Students Showcase Forklift Skills After Finishing Training Program

Wayne White had to feel more than just a little pride when the seven students in his class made things look so easy during a recent demonstration. The students were able to show their instructor and others who were in attendance just how well they learned the skills necessary to receive certification as an operator of a forklift, reach truck, or clamp truck.

The seven young men have trained directly under the tutelage of White and received both classroom and hands-on training. The recent demonstration provided proof that each of the men is properly prepared and certifiable for the job opportunities that await them.

The last part of the demonstration involved the students operating vehicles in a cleared out auditorium and demonstrating their mastery of vehicle functions by placing crates on a shelf.


Angela Lawhorn is the new director of the Workforce Development Center. Lawhorn says the center is prepared to offer students a number of new customized training programs. She says the Center has received funding from the Workforce Credential Grant and will pair this with the non-credit financial aid it offers to help students obtain the credentials they need to find work for a fraction of the normal cost.

Lawhorn says she is excited for both students and the Workforce Development Center because of the many new programs being offered. She says the Center is also working closely with area employers to make sure the curriculum they offer is in line with the training employers wish to see in new hires.

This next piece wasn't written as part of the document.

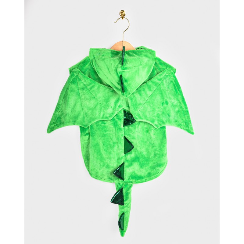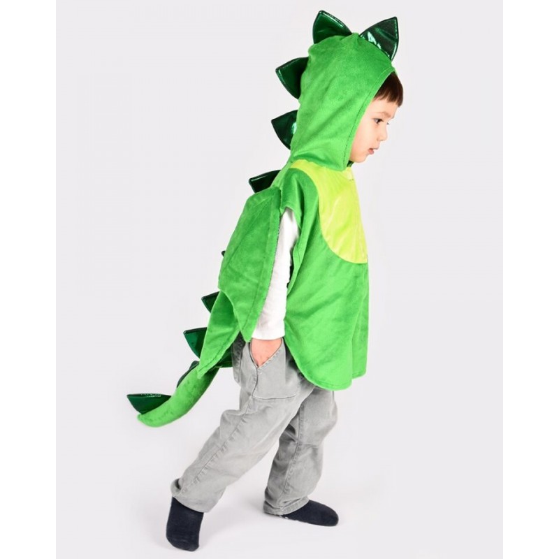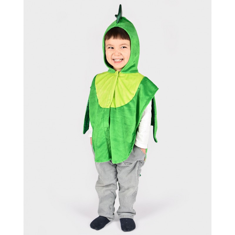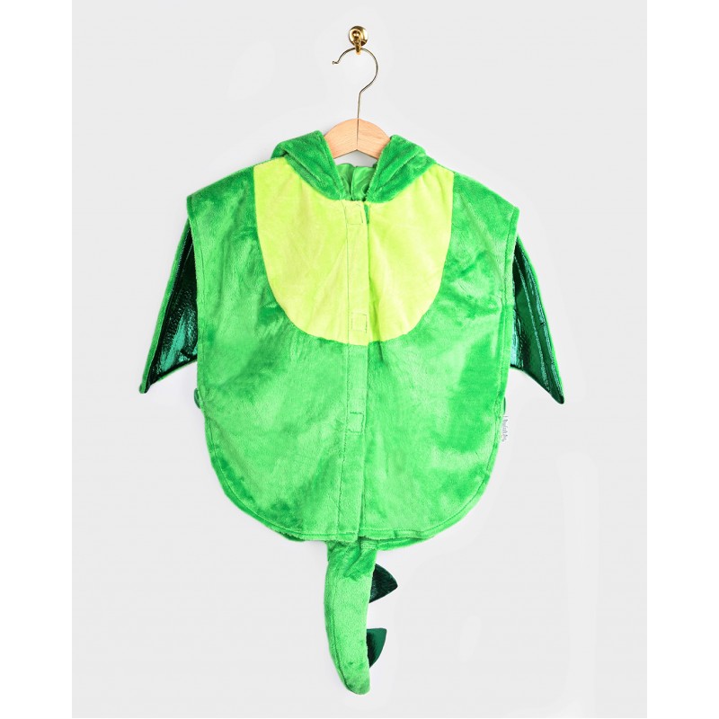 Υπέροχο κουστούμι δράκου για μικρά παιδιά. Η κάπα δράκου, όπως και οι άλλες μίνι κάπες, έχει κλείσιμο με Velcro μπροστά και ελαστικές ταινίες στα πλάγια για εύκολο ντύσιμο. Διευκολύνει επίσης την περιπλάνηση και το παιχνίδι. Το πράσινο κοστούμι έχει ραμμένη κουκούλα με ακίδες που τρέχουν μέχρι την πλάτη και την ουρά. Επιπλέον δροσερά φτερά για να πετάξετε.

PDCCC President Dan Lufkin took some time out to observe some of the training received by the students first-hand. Lufkin says there is a great need in the industry for operators with the skills the seven men demonstrated. Lufkin says he and his organization are committed to serving the need for workers of businesses in the local region and longs to see the day when graduates of the programs being offered by the Workforce Development Center are the first choice of area businesses.


The seven students who recently trained under Wayne White each took a moment to explain why they signed up for the program.

  • Twenty-two year-old Demetri Williams says he joined the program to improve his chance at getting a job. He says he is happy to receive his certification and feels the experience has increased his confidence.
  • Danielle Handsom is a 36-year-old safety coordinator who is employed by High Liner Foods. Handsom says he is hoping the certification he received will pave the way for better job opportunities in the future.
  • Morris Lankford is 37 years old and was encouraged by a counselor to join the program. He says he is glad he took the advice to heart.
  • Twenty-eight-year-old Duray Hudson says a friend told him about the program. He says it sounded like something he would like to do so he signed up.
  • Edward Commodore is 34 years old and is also an employee of High Liner Foods. He says he was asked by his employer to enter the program so that he could teach others at the company the skills he has learned. He might just be the right man for the job after helping Dan Lufkin operate a forklift.
  • Joshua Warren and Terrence Jeffrey are both eighteen-year-old high school seniors. The teenagers were encouraged to join the program by Franklin High School counselor Ale Massenburg.